At this point in the season we review each major conference team-by-team and ask what's how the campaign's faring thus far. We're also doing the ACC.
1. Virginia Tech. If the ACC were ancient Greece, Virginia Tech would be its Athens: a proud, functional state led by a charismatic enlightened leader which, from time to time, gets the plague, suffers damaging military defeats, and has long, punchless stretches on offense. This year's model varies slightly from the usual grappler/asphyxiator model Frank Beamer likes to trot out each year. The variations: an actual number one running back of productive nature in Ryan Williams, who takes back some of the yards given up on the other side by a rush defense that by Bud Foster's standards has spent as much time on her back as female British tourist on holiday.
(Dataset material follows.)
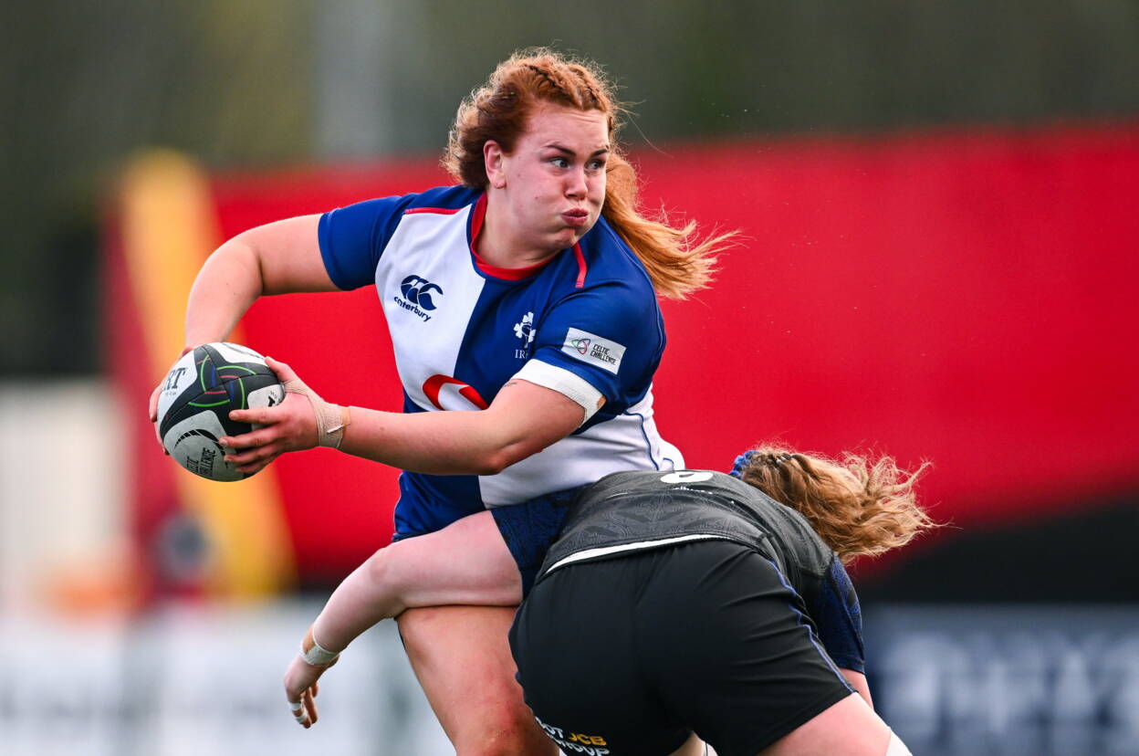Player-of-the-match Fiona Tuite comes up against Poppy Mellanby during the Wolfhounds' Celtic Challenge encounter with Glasgow Warriors in Cork ©Shauna Clinton/Sportsfile

The rogering has been harmless to this point, though. Tyrod Taylor has graduated from status as "ditzy, ADD-stricken scrambler of no effect" to "ditzy, sometimes fatally efficient ADD-stricken scrambler of note." Nebraska fans, look away, and the rest of you enjoy the fan screaming "Get rid of the ball you stupid piece of shi--" just at Taylor unleashes the winning throw.
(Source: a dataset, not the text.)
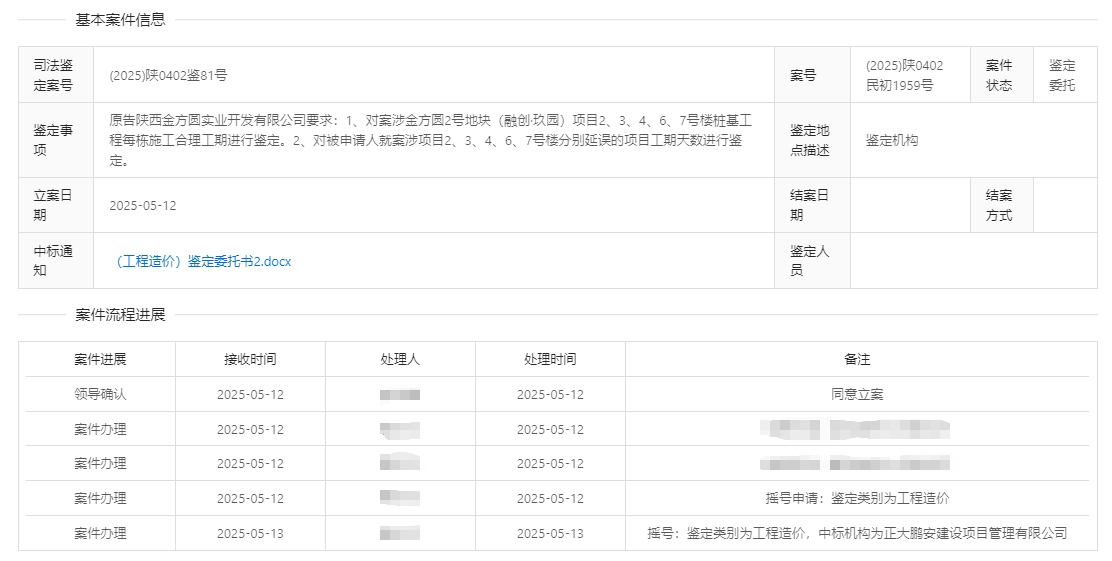 2025年5月12日,經(jīng)咸陽市秦都區(qū)人民法院確認(rèn),正大鵬安建設(shè)項目管理有限公司中標(biāo)“原告陜西金方圓實業(yè)開發(fā)有限公司與被告陜西建工基礎(chǔ)工程集團(tuán)有限公司關(guān)于施工合同糾紛一案”造價司法鑒定項目。

VT is second in the ACC in passing efficiency thanks to the forceful run game and low red-zone percentages being put up by the defense, which is why they're lagging in total d, being (relatively) generous with yardage and stingy with points.
All you need to know about the ACC may be encapsulated in this factoid: The number one team for passing efficiency is Georgia Tech, meaning the conference remains a series of toddler offenses on tricycles jousting with with long plastic straws until someone gets poked in the eye and goes home.
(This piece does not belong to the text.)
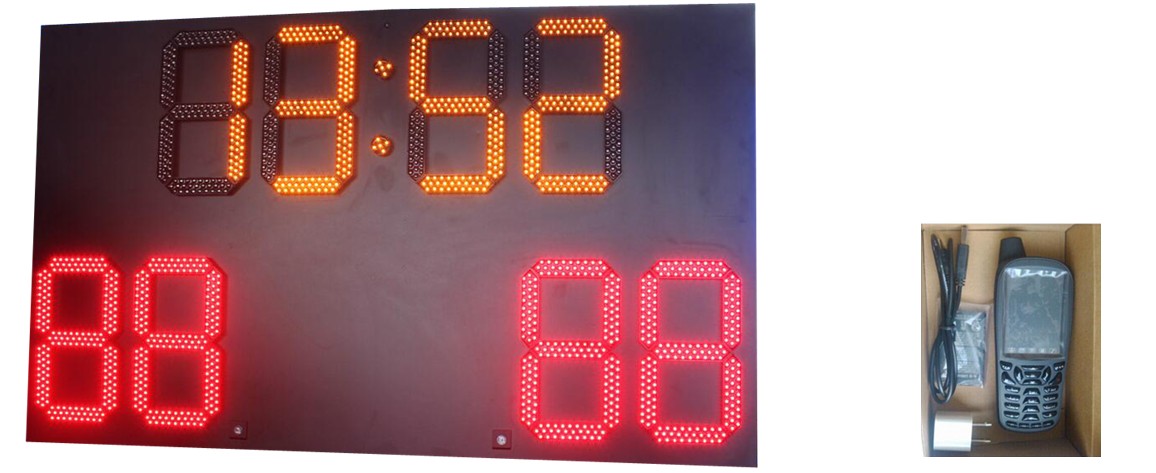 One of our most popular football scoreboards for smaller youth programs! Medium size - 1300mm x 780mm with 8500cd/sqm super bright. Visibility is 300 meters.The heavy-duty galvanneal steel scoreboard cabinet with powder-coat finish means your scoreboard is the strongest in the industry and will look new for many seasons! They require minimal maintenance due to the front-access panel with independent LED modules. 16 levels of adjustable brightness, IP65 waterproof Simple, Modern, Durable woreless remote with a bright 3-inch LCD screen is very easy to operate!

The good news is that their only loss came to the number one team on our ballot, and they're number one in the league in punting average. Frank Beamer only cares about one of these when he goes home to relax by firing up the bellows, putting on his smithing gear, and cranking out his favorite Christmas gift, a pound of freshly hammered and cooled coat rack hooks. It's not the loss to Alabama, and we both know it.
(BTW: it sucks being friends with a blacksmith of limited skills. You think you're going to get a honed katana or some shit like that, but noooooo, it's all nails, fishhooks, and coat rack hooks for you. Um, we mean "Thanks for the eight pounds of crooked nails, Uncle Roy." )
2. Miami. It's nice having the U kind of back, much like the world is cooler with actual live wolves and alligators thriving in the wild, as long as they don't run into your yard snatching children and jumping on your trampoline. They listen to Spongebob! They beat the hell out of Georgia Tech! They have the official endorsement of a squarepanted animated mogul!
The most colorful team in a league of blandishments certainly deserves a welcome back to the land of the living, and a customary lap dance/drink combo of their choice. (It will be thick Tisha over there, for sure, and the drink will be a mojito. ) Jacory Harris has been a revelation, and for the most part an icy, unflappable signal-caller and fashion icon all in one convenient, well-barbered package.